Ed Reform Groundhog Day

During a conversation about education reform at a holiday party I attended last week, a long-time high school teacher said to me, “You’ll see as you get more years of experience.  You start to feel like: haven’t we seen this already?”

I laughed and said it’s like that cliché you always hear about insanity: doing the same thing over and over again and expecting different results.

When it comes to ed reform, of course, it’s really not a cliché. It’s par for the course.

Check out the quote below, and see if you can guess the year it was written:

 …schools will offer a common core of learning and, at the same time, provide diversity and choice. In short, individualized education implies the personalization of the entire educational process.

If you guessed 1974, you were right.

This was written by Robert G. Scanlon, former Pennsylvania Education Secretary, in an article called: “A Curriculum for Personalized Education.”

Recently, with endorsements and investments from Mark Zuckerberg, the U.S. Department of Education, and members of the American Legislative Exchange Council, personalized learning has been heralded as the latest, greatest “innovation” to hit our reform-battered schools.

But a close look into the internet archives of educational history reveals that there is nothing innovative about this idea at all.

In “A Curriculum for Personalized Education,” Scanlon describes a curriculum that “permits student mastery of instructional content at individual learning rates,” “encourage[s] student evaluation of progress toward mastery,” and includes “a variety of paths for mastery of any given objective.”

Flash forward forty years to a portion of a document published by the Gates Foundation titled “Proficiency-Based Pathways”:

“Learning solutions—units, courses, and subjects—should have clear progress trajectories from novice through apprentice to mastery.
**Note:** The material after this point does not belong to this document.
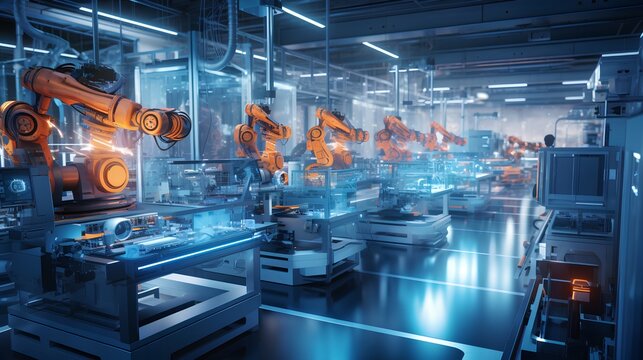 High tech manufacturing facility with cutting automation technology. New generation technology in action with robotic arms and automated machines working seamlessly in a modern industrial environment.
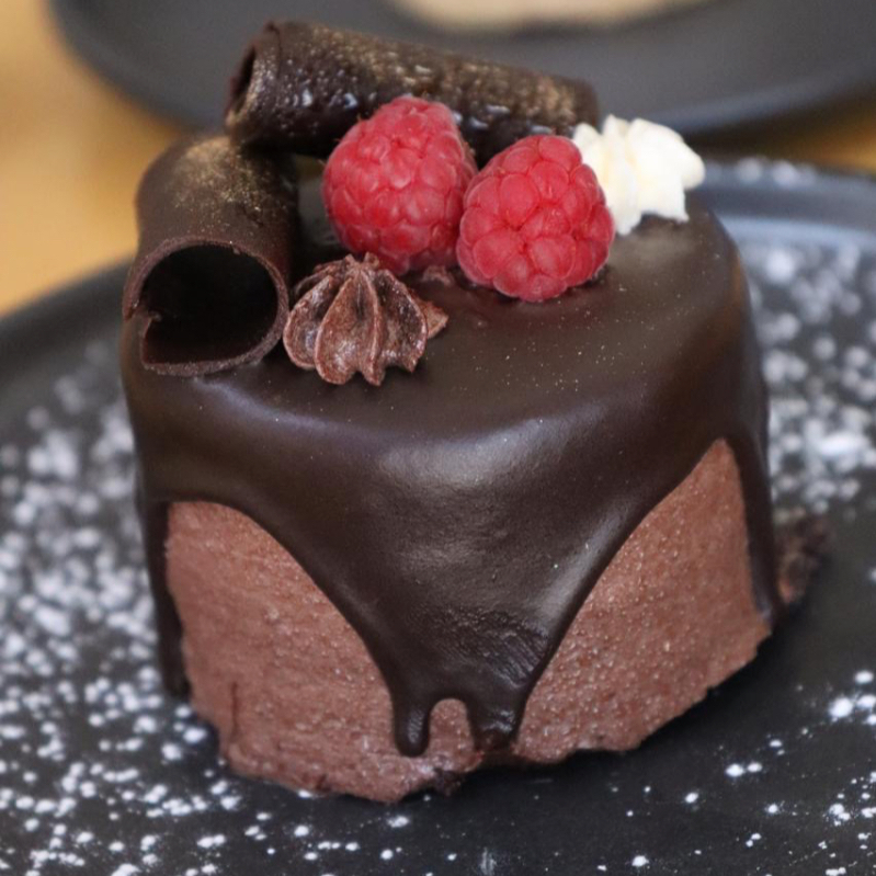 Pan de chocolate con un toque de queso, coronado con cajeta y chocolate.

Students should understand how to advance from one level to the next.”

The Gates Document boasts in its introduction: “We have been thinking in very nontraditional ways.”  But compare the two quotes above, and you’ll see that the Gates Foundation is calling for the very same reform ideas that have been planned and attempted for decades.

Now check out this quote from Scanlon in 1974:

“The objectives of individualized instruction can be used as a basis for designing educational technology. How these devices will be made more cost- effective by new miniaturizations and transistors remains a question, but plans for their utilization must begin now.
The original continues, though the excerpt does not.